The July Crisis
Between the precipitant crises of WWI – the assassination of the heir to the Habsburg throne by a Bosnian Serb fanatic on June 28, 1914, and Vienna’s war note to Belgrade one month later – Germany’s diplomatic support for Austria-Hungary transformed a regional conflict into a continental war.1 The conviction of its military leadership that Germany would inevitably have to fight both France and Russia simultaneously prompted Germany to craft elaborate plans for the mobilization and deployment of troops to Germany’s eastern and western frontiers. This sense that a general European war was inevitable and could be the vehicle of Germany’s ascent to the first rank of powers became integral to the political regime of the Second Reich and the personal relationship between Kaiser Wilhelm II and army leaders such as Helmut von Moltke, Paul Hindenburg, and Erich Ludendorff, and navy leaders such Alfred von Tirpitz.2
In its mania for war planning, Germany was not alone.

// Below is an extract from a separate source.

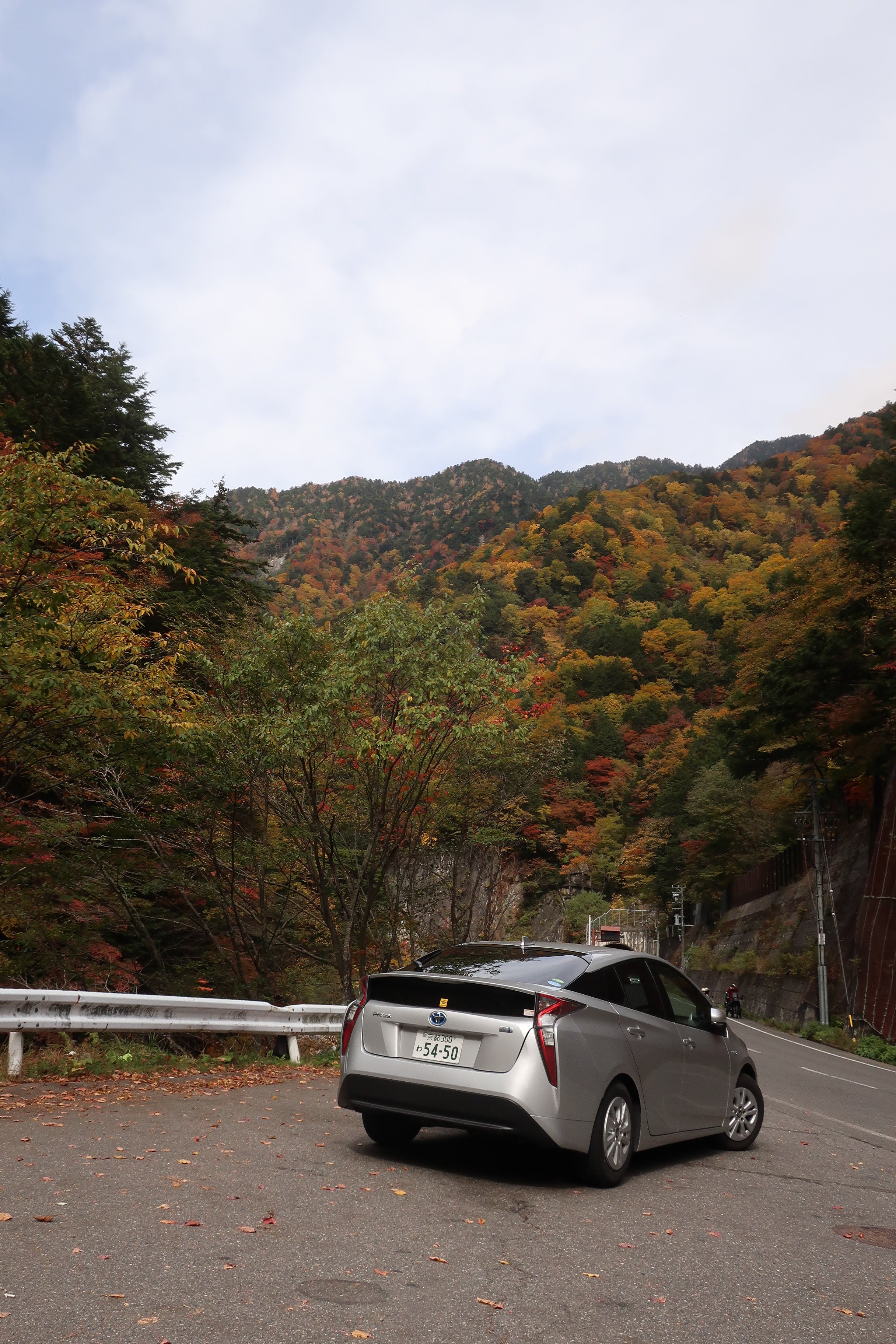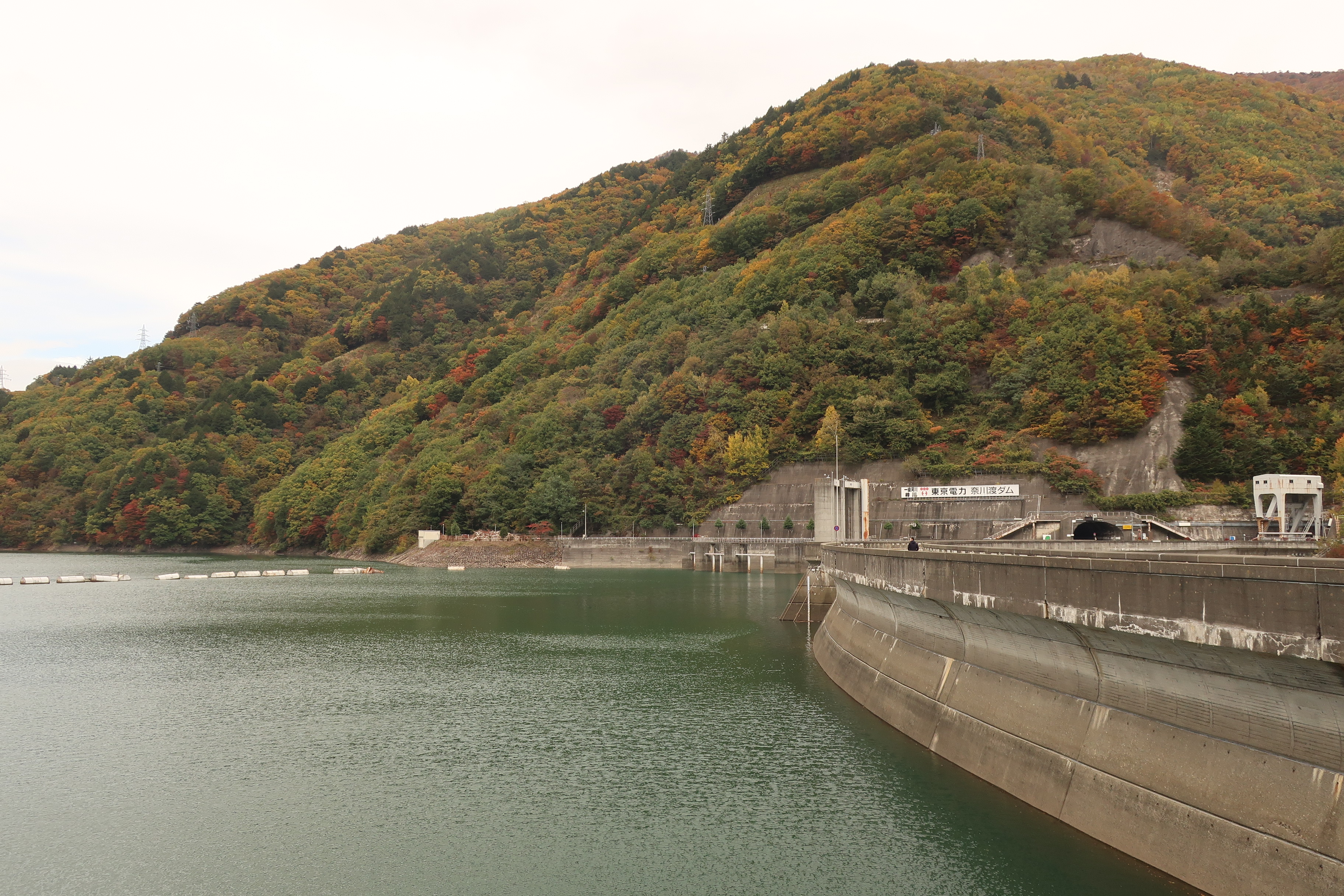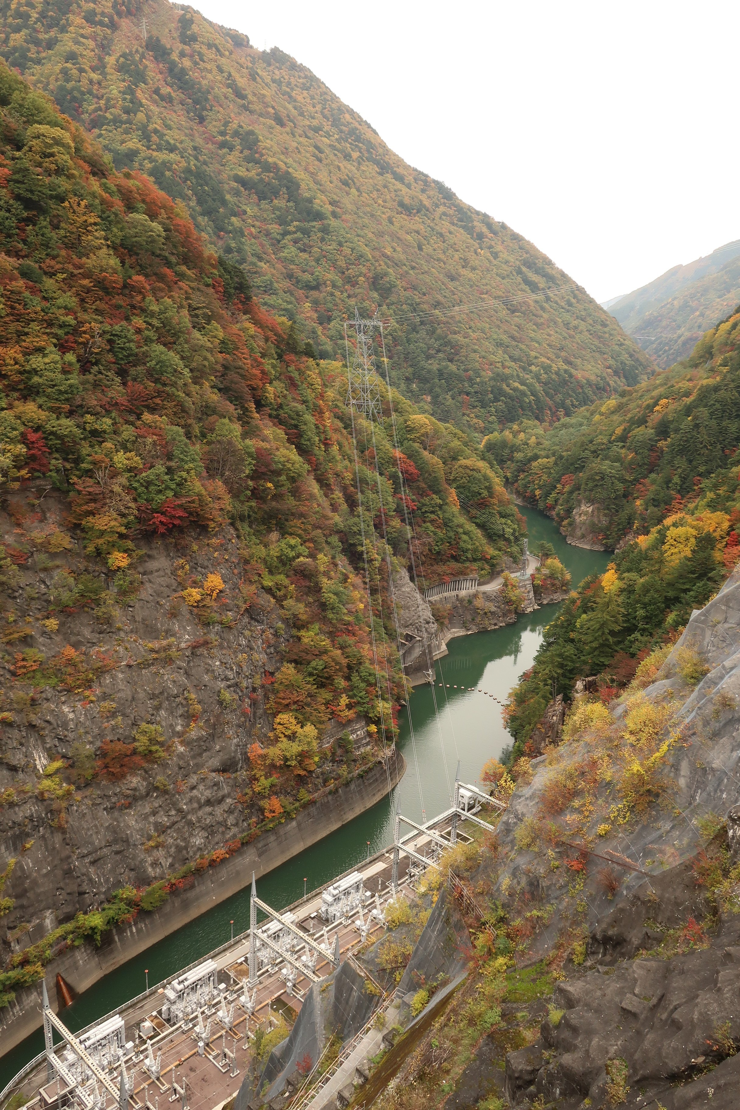 Wir fahren los in die Japanischen Alpen in Richtung Takayama. An der Kreuzung der Route 158 und 26 entdecken wir eine große Staumauer. Das Kraftwerk dazu sieht spannend aus. Von der Staumauer aus sieht man ins tiefe Flusstal hinab. Das Tal ist eingesäumt von bunten Laubbäumen.

In 1914 all the belligerent nations deployed land and sea forces according to plans developed during the years of intensified international competition among them since 1900.3 The extensive militarization of government itself was most consequential to the unfolding of the conflict. Modern militarism – i.e. the subordination of civilian authority to military expertise and military imperatives – had two effects. First, contingencies for decisive offensive action imposed upon government timetables for the deployment of large numbers of troops so rigid as to transform war from an instrument of policy into policy itself. Although this disorder was present among all the belligerents of 1914, it was most advanced in the governments of Germany, Austria-Hungary, and Tsarist Russia. Although the Western powers were planning for war, the Central Powers were to varying degrees planning on war. Second, the very detail of such plans left the military leadership of all the belligerent powers unprepared for dealing with the unexpected contingencies that are the very essence of war. This is not to say that the European powers were unprepared for war; on the contrary, they were armed to such an extent that their strengths cancelled each other out. Rather, it is to say that they were unable to break out of the deadlock the war quickly became.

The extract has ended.